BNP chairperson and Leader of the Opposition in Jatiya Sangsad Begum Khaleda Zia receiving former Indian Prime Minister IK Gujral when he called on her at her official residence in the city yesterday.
* * *
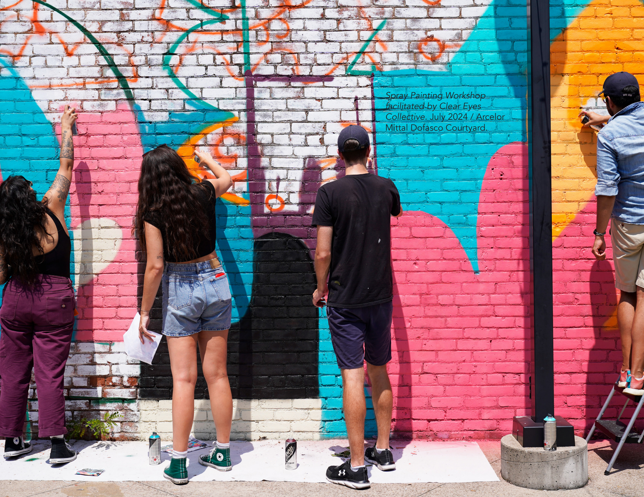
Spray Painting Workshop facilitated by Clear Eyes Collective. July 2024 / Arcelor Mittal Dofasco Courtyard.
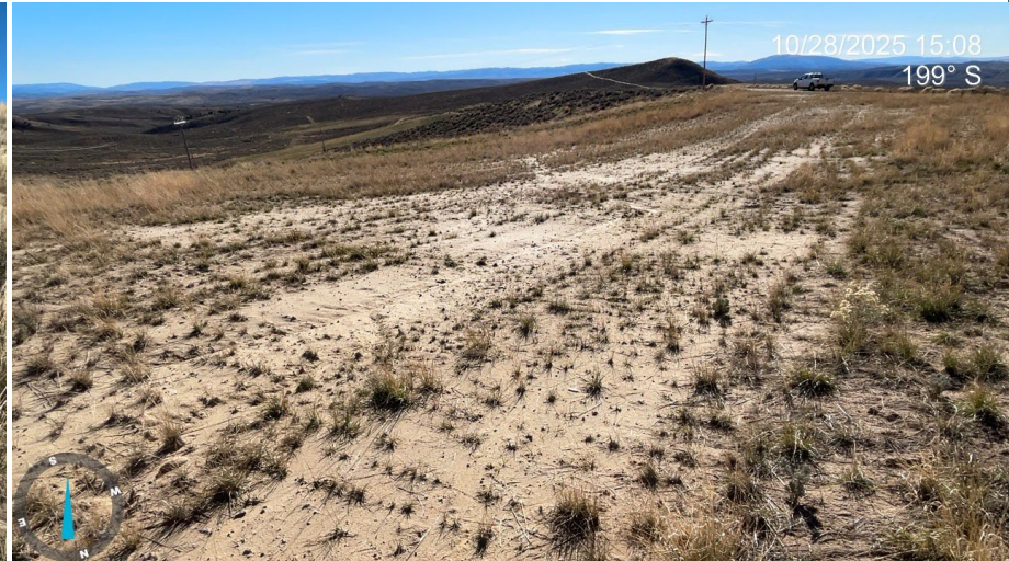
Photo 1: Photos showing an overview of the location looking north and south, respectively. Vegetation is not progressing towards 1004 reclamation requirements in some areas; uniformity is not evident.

◆ Work instruction ◆
To complete this exercise, transcribe exactly the lines above from the one that holds "Spray Painting Workshop" through the one that holds "Photo 1: Photos". Pictures stay out.

◆ Answer for this exercise ◆
Spray Painting Workshop facilitated by Clear Eyes Collective. July 2024 / Arcelor Mittal Dofasco Courtyard.
Photo 1: Photos showing an overview of the location looking north and south, respectively. Vegetation is not progressing towards 1004 reclamation requirements in some areas; uniformity is not evident.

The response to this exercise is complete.